The engagement session: While these pretty, pre-wedding photo shoots may have initially seemed like a passing trend, they're clearly here to stay. For some couples, the idea of posing for these intimate photos can elicit fear and tension, but there are only upsides to having a mini-session before the big day. We asked Southern California husband-and-wife photographers Emily and Justin of Chaffin Cade Photography for the scoop on what it takes to have a successful engagement session. Here, they share the five things they want their couples to know before taking engagement portraits.

First, you should absolutely have an engagement session.
If not for a beautiful collection of professional photos of you and your husband-to-be that don't involve a wedding dress and tux, then plan an engagement session to be comfortable on the big day. "Your photographers get a chance to photograph you without the stress of the wedding day and a hundred people around," Emily and Justin explain. "As photographers, we get to see how you are in front of the camera and what you're comfortable with."

Understand the timeline.
Emily and Justin suggest scheduling an engagement session anywhere from six to eight months before your wedding date. While the best time of year for a session depends on where you live (Emily and Justin shoot in California and offer sessions year-round), time of day is a no-brainer. "Two hours before sunset, hands down," Emily says. "This is where the sun is most flattering and you get a gorgeous sky without harsh shadows. And as you get towards the end of your shoot you get golden, warm rays that fill your images."

Make the day about you.
"The most beautiful photos are the most personal ones," Emily says of her sessions. For some couples, she and Justin like to plan an activity, but for others simply setting up in a beautiful destination is enough. She and Justin love when couple's bring tokens that help tell the story of them. Family heirlooms, meaningful gifts, or love notes all add an extra dimension to your photos.

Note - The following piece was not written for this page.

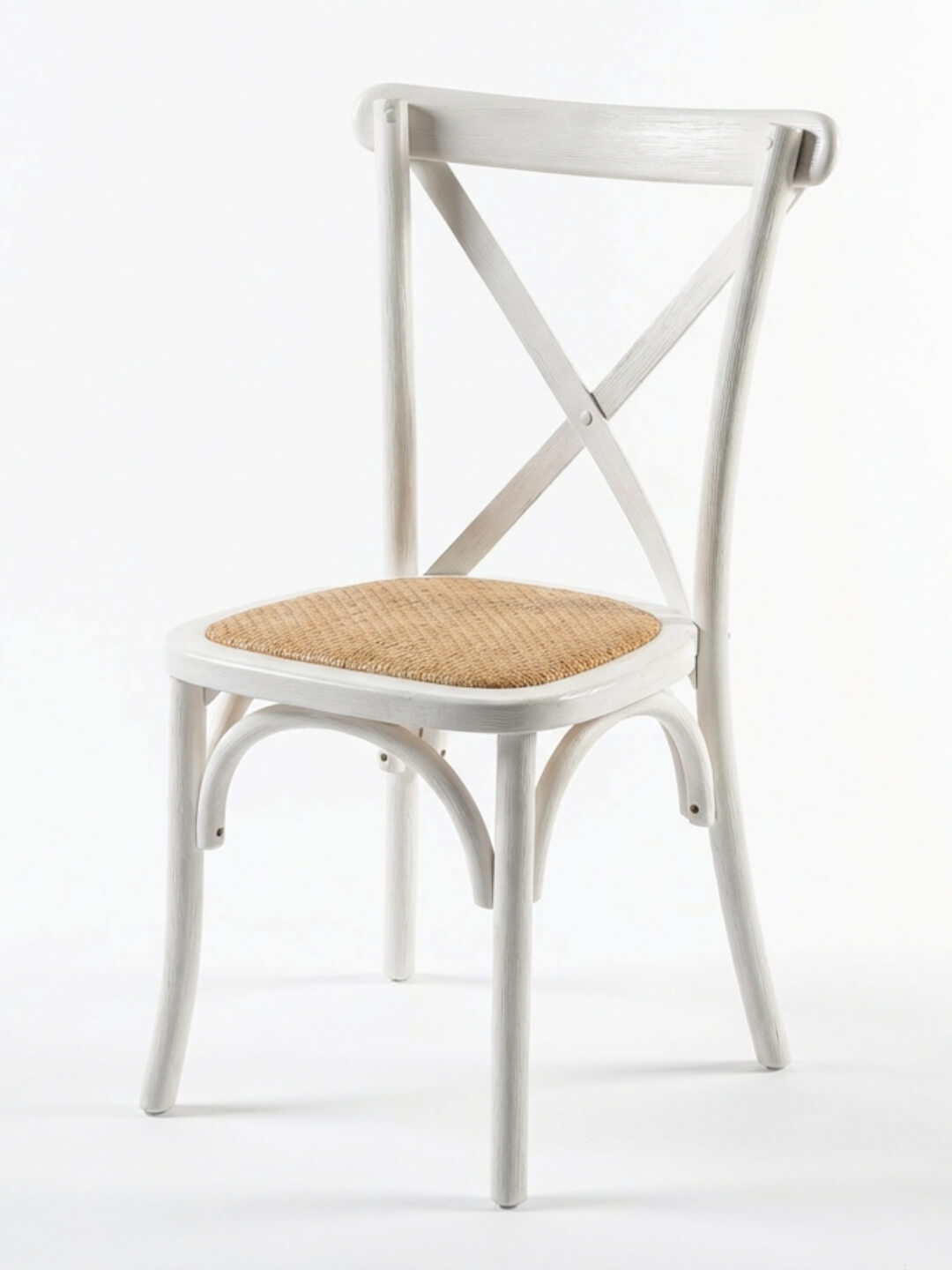 Bring rustic charm and timeless style to your event with the Cross Back Chair - a favourite for weddings, garden parties, and elegant celebrations. Crafted with a classic cross-back silhouette and available in Natural Weathered Oak, Limed Oak, and White finishes, this chair effortlessly complements both traditional and contemporary settings. Each chair features a natural rattan seat that offers comfort and texture. For added softness or a more finished look, you can add a burlap seat pad in natural linen (optional). The Cross Back Chair’s versatile design makes it equally suited for long banquet tables, outdoor ceremonies, or intimate gatherings.

Find a location that makes you feel comfortable.
Most photographers will suggest a few different locations for your engagement session, but Emily and Justin always recommend skipping the over-populated areas. "Opt for a gorgeous, more isolated area (which your photographer will probably suggest). You'll be less nervous without strangers around and you won't have people in brightly colored tourist outfits in all of your images," Emily says.

Emily explains that couples almost always say, "We're so nervous!" and five minutes in could not be more relaxed. "The key is to keep it real. Try not to have an idea of how you want your session to go," Emily says. One way she hopes you won't prep: By overdosing on Pinterest and other engagement sessions. "Just let your photographer guide you and help you be in the moment. You can't overdo 'you' and those real moments are always timeless."